Rebecca Love speaks about her work on a new app to help women manage the menopause
Menopause is a time point in a woman’s life where you can fundamentally change the trajectory of her lifelong health.
Rebecca Love
A new app which helps women to manage the menopause was soft launched last month in collaboration with Mumsnet.
Stella is the first product by Vira Health, a company which was co-founded in 2019 by Gates Cambridge Scholar Rebecca Love.
Stella offers women relief from the most common symptoms of menopause, including sleep disturbances, hot flushes, incontinence and mood changes. Women have access to a personalised treatment plan that uses behavioural science to encourage lifestyle changes to improve symptoms and long-term health. There is also personalised support from a human health coach within the app.
In addition the app has a library of informative articles, case studies, recipes designed for menopause health, meditations to relieve stress and anxiety and expert live sessions, where women can ask questions.
Rebecca [pictured above] comes from an entrepreneurial family background and started Vira Health after finishing her PhD in behavioural epidemiology at Cambridge on inequalities in children’s physical activity and interventions. However, she realised eventually that an academic career was not for her. “I am keen to be as close to the people I’m trying to help as possible. I am also too impatient for the long publication cycles,” she said. Part of that realisation came as a result of her involvement in the Gates Cambridge community. Rebecca was President of the Scholars Council and says meeting Gates Cambridge Scholars who were active in so many areas and willing to take risks had a big impact on her.
Healthtech
On graduating she worked for the London mayor’s office on its childhood obesity taskforce, and for the World Health Organisation. She became excited by the innovation happening in healthtech in London and it was when she met Andrea Berchowitz that the seeds of Vira Health and Stella were planted.
Andrea had worked at McKinsey in South Africa and then the UK specialising in women’s health before moving to The Bill and Melinda Gates Foundation. Rebecca shared Andrea’s interest in women’s health and particularly the positive impact better menopause care can have on women’s longer-term health.
“Menopause is a time point in a woman’s life where you can fundamentally change the trajectory of her lifelong health. It seems outrageous that we have not been focusing on this before. Stella is about getting women the relief and support they need for immediate symptoms as well as setting them up for the best brain, bone and heart health in later life,” says Rebecca.
She and Andrea spent the next six months talking to women about their experience of the menopause and about stigma around the subject as well as to medical experts. Rebecca says those conversations really opened her eyes to what women were suffering and how a combination of ageism and sexism had prevented open conversations about the problems. They decided to centre Vira Health’s approach on digital therapeutics and long-term health. They raised a substantial round of venture capital money in autumn 2020 and have since hired a team of 10.
Fortunately, Rebecca thinks things are changing with regard to women’s health generally and that Vira Health can contribute to the next wave of support for women. “Every woman’s menopausal experience is different. The symptoms she deals with are unique and fluctuate, she has her own preferences around treatments,” says Rebecca [2015]. It also comes at a time when women may have teenage children and/or caring responsibilities for parents. They may also be feeling increasingly invisible in a society that still judges women on their youthful looks and on their fertility. Rebecca hopes the Stella app will help change people’s mindsets about the menopause. “We want to reframe it as a new beginning, as a new phase in life that can be better than the last one,” she says.
Long-term effects
For the Mumsnet soft launch, women were placed onto a therapeutic pathway, tailored to the menopausal symptoms that they struggled with most. If a woman is suffering from insomnia, for instance, her programme will use proven cognitive and behavioural techniques to improve her sleep routine and, in turn, duration and quality. Women also get matched with a personal health coach who helps them to master the habits needed to get relief and stay healthy.

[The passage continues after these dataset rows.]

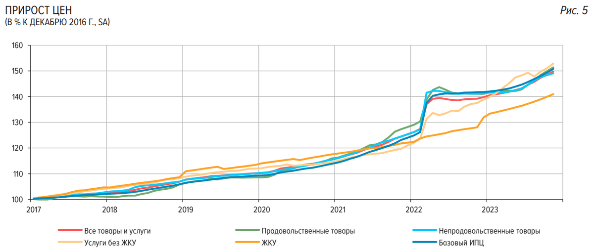 Данное изображение специально для тех, кто думает, что мы думаем, что у нас нет инфляции. Или что она у нас 7,5% (а она у нас 7,5%), когда она у нас все 50% (а она у нас и 50% тоже). Все зависит от точки приложения. Или от точки начала расчёта. Если мы начнём от декабря 2016 , то базовый индекс потребительских цен увеличился у нас чуть более чем на 50%. Сильнее всего подорожали услуги. Меньше всего - ЖКХ - более 40%.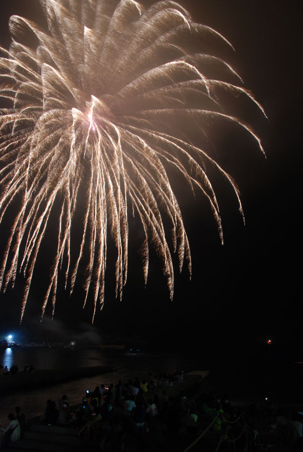 - 雲見、岩地海岸では、花火大会が開催されました。すぐ近くから打ち上げられる花火は迫力満点です。明日は松崎海岸で花火大会が開催されます。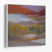 Immerse yourself in the tranquility of nature with "Visions Beyond Nature," an abstract landscape canvas art print that transports you to a serene desert oasis glowing under the warm embrace of a setting sun. This captivating artwork showcases a harmonious dance of colors, juxtaposing the vibrant earthy reds and oranges of the desert cliffs against the soft, cool tones of the sky and distant mountains.

“Having a real human to problem solve with whenever they need it is very important; having that empathy and back and forth really helps,” says Rebecca. “For digital products to work successfully and build engagement, they need to show empathy and a human side.”
Rebecca adds that the app can address long-term health benefits associated with menopause symptoms. For instance, insomnia associated with hormonal changes and night sweats can become a routine problem which is hard to fix and not sleeping is associated with Alzheimer’s Disease. “US research shows two thirds of people with Alzheimer’s are women and menopause is a trigger for brain ageing. Better care of menopausal women will help reduce that,” she says.
Rebecca is hopeful about the future. She says: “Venture capitalists and others are opening up to the idea that there is a huge market opportunity for women’s health products that work that women want to buy. Developing a product that matters to women and has such potential to improve womens’ long-term health is very exciting.”
The official public launch of Stella will follow in the summer in partnership with menopause clinics and workplaces.